# XP filstar canister action shots?



## sarah1031 (Jun 30, 2006)

Can anyone show me a picture of their filstar XP canister fully assembled and in the tank? 
Thanx,
-Sarah


----------



## flamingo (Nov 5, 2005)

Lol, I would but I can't find my camera .


----------



## sarah1031 (Jun 30, 2006)

aww...its ok. I hope you find it. Anyone else out there?


----------



## Guest (Aug 29, 2006)

I have a few pictures...not sure how much they will help though 

cannister








tubing (its not really that brown)








the blue thing is the intake....the black thing further away in the attachment to the spraybar









I took a picture of the spraybar, but it didn't turn out good.

Is that what you are looking for?


----------



## sarah1031 (Jun 30, 2006)

yes, thank you! 
I also wanted to know what the intake inside the tank looks like because I'm kinda worried about if it could suck up any of my smaller animals in my tank.. tha doesnt really need a picture.. a description wqould be great
Thank you.
-Sarah


----------



## highliner (Jul 2, 2006)

I've seen people put a sponge over the intake tube to keep from sucking up anything that shouldn't be sucked up, like fry...most of the fish in the tank w/my xp3 are big enough that it's not an issue. I have one on a small HOB in my fry tank and I suppose it works fine...it originally came off a powerhead sponge filter, but I've heard of people using media bags, even the foam sleeves for Whisper cartridges...put it on there with a rubber band and you're good to go.


----------



## sarah1031 (Jun 30, 2006)

alright, thanxx


----------



## flamingo (Nov 5, 2005)

The intake on the filstars usually don't have the greatest suction and the "grating" or whatever you call it, the thing over the tube, isn't spaced very far apart so most things can't get sucked up it.
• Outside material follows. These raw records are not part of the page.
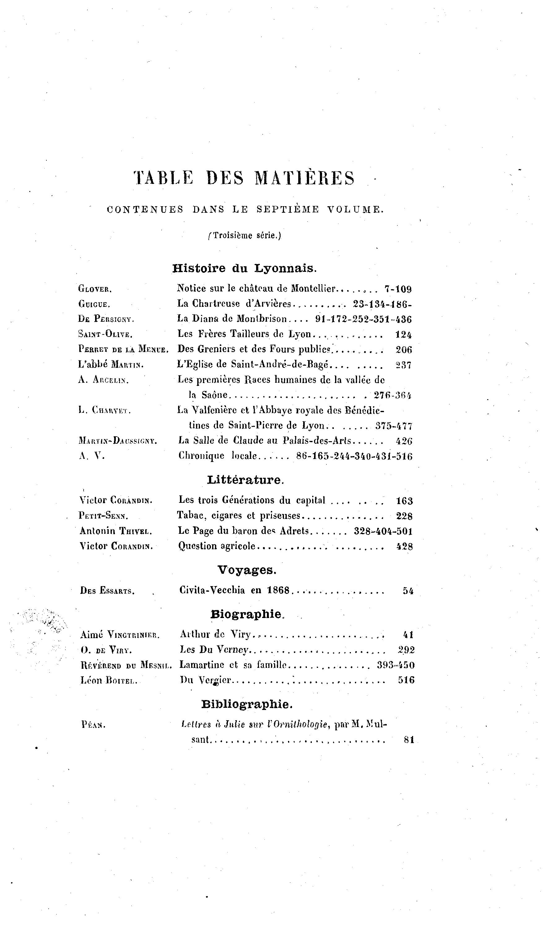 CONTENUES DANS L E S E P T I E M E VOLUME.
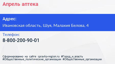 Апрель, аптека по адресу Ивановская область, Шуя, Малахия Белова, 4 в дальнейшем Организация, размещена в следующих категориях:
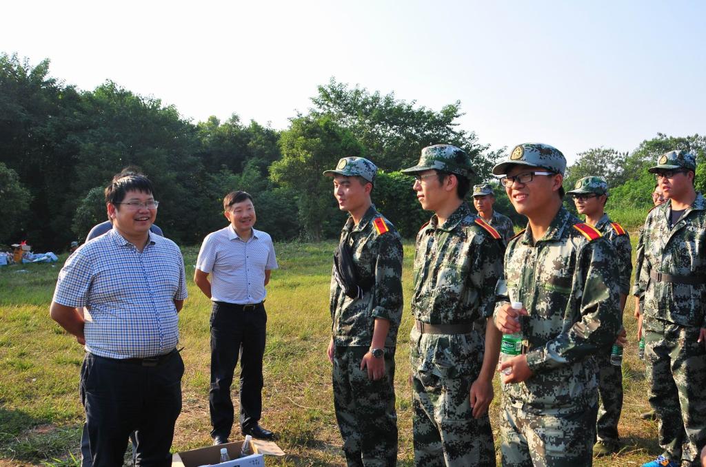 (本网讯)近日,党委书记罗成翼、副校长谭献良,军训承训部队国防科技大学指挥军官基础教育学院副政委荣潭大校、二旅副旅长郑冰上校分别检查了军训靶场和各营的训练情况,看望和慰问了全体参训人员。
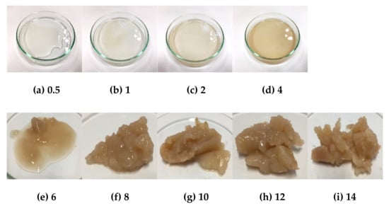 Gelation of HK banana starch at 80 °C at different concentrations where (a) 0.5% w/v, (b) 1% w/v, (c) 2% w/v, (d) 4% w/v, (e) 6% w/v, (f) 8% w/v, (g) 10% w/v, (h) 12% w/v, and (i) 14% w/v.
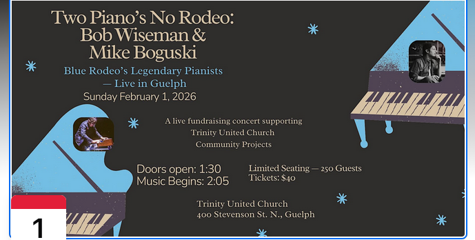 | May 1 | Welland | The Bank Art House | Two Pianos no Rodeo | https://www.eventbrite.ca/e/two-pianos-no-rodeo-bob-wiseman-mike-boguski-tickets-1985461144731?aff=oddtdtcreator |
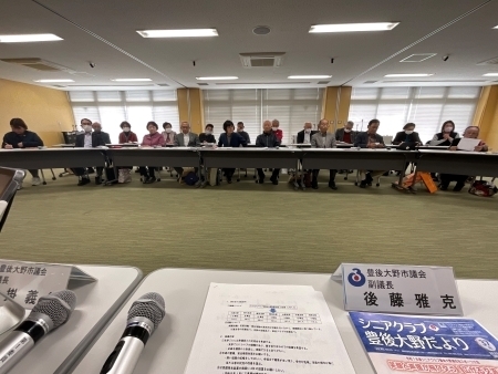 その後、15時30分よりシニアクラブ豊後大野連合会の皆さまと市議会議員全員による意見交換会が開催されました。シニアクラブの役員19名が参加され、白熱した議論が交わされました。
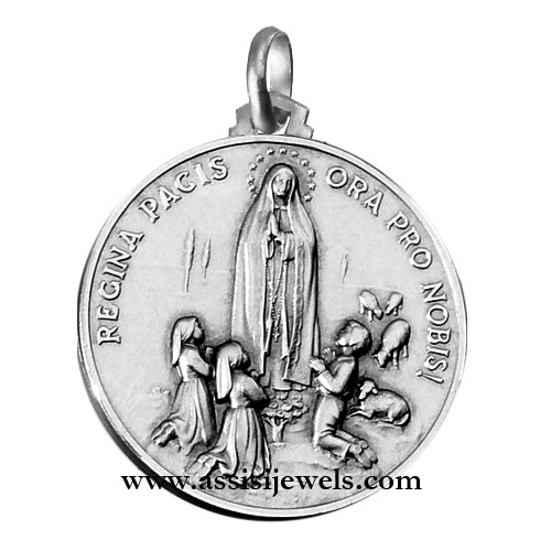Medaglia della Madonna di Fatima in argento 925 (selezionare il diametro desiderato per conoscere il prezzo corrispondente)
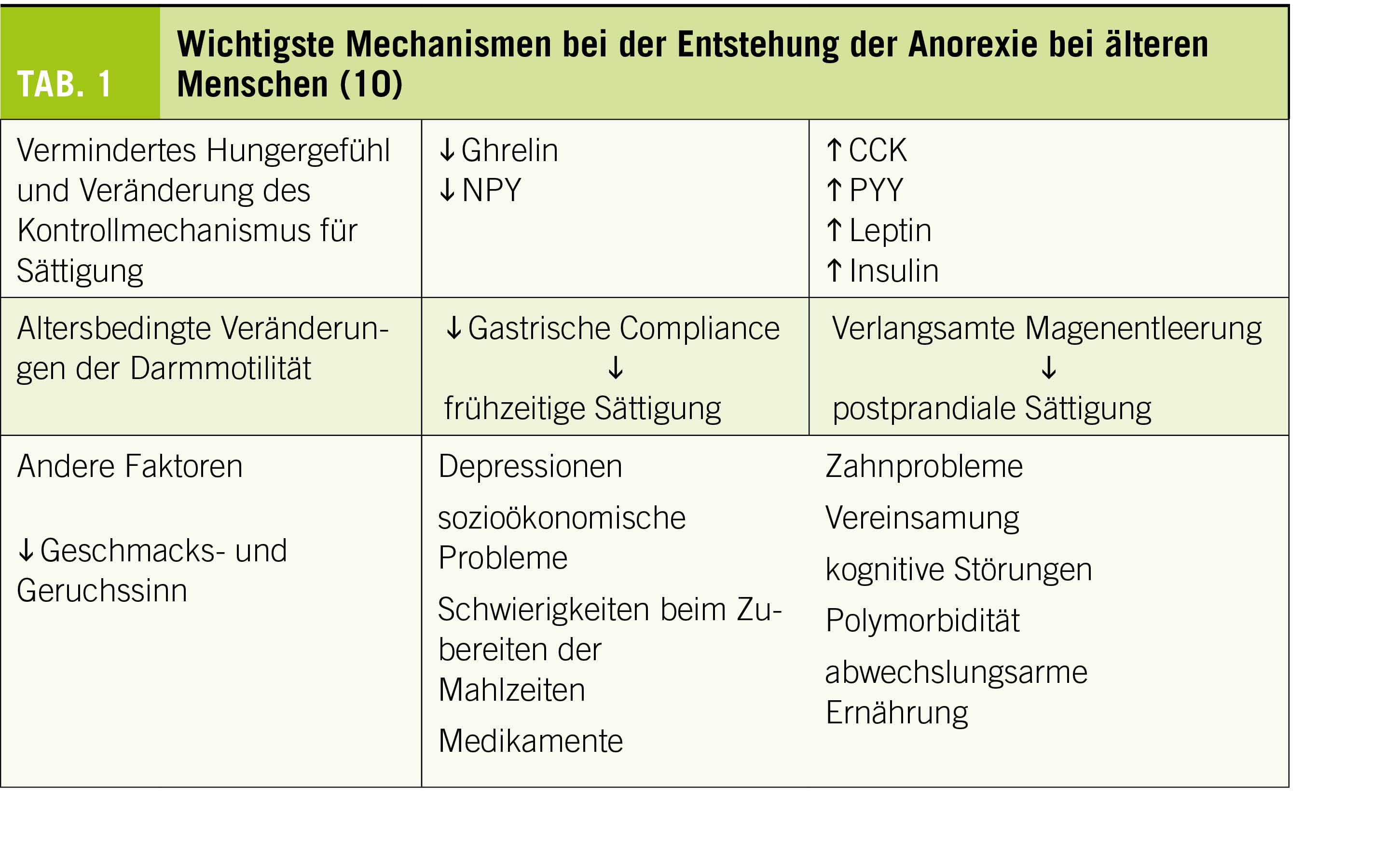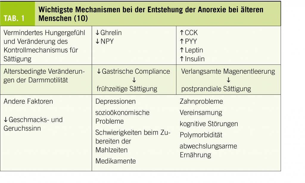 Tabelle 1 fasst die wichtigsten Mechanismen der Anorexie bei älteren Menschen zusammen.

I had a baby (very skinny when first bought) green scat get stuck to it once and die while I was away, but that was about it. This was on a xp1 btw.


----------



## Guest (Aug 29, 2006)

I have a sponge over my intake so that plant leaves won't get sucked into the filter and rot. My fish are big enough not to get sucked up by it.

You can get small sponges, made for Aquaclear filters from Big Als.com. Just go to their brand media...they are like $0.50. I just hollowed out the middle.


----------



## sarah1031 (Jun 30, 2006)

Alright, thank you.


----------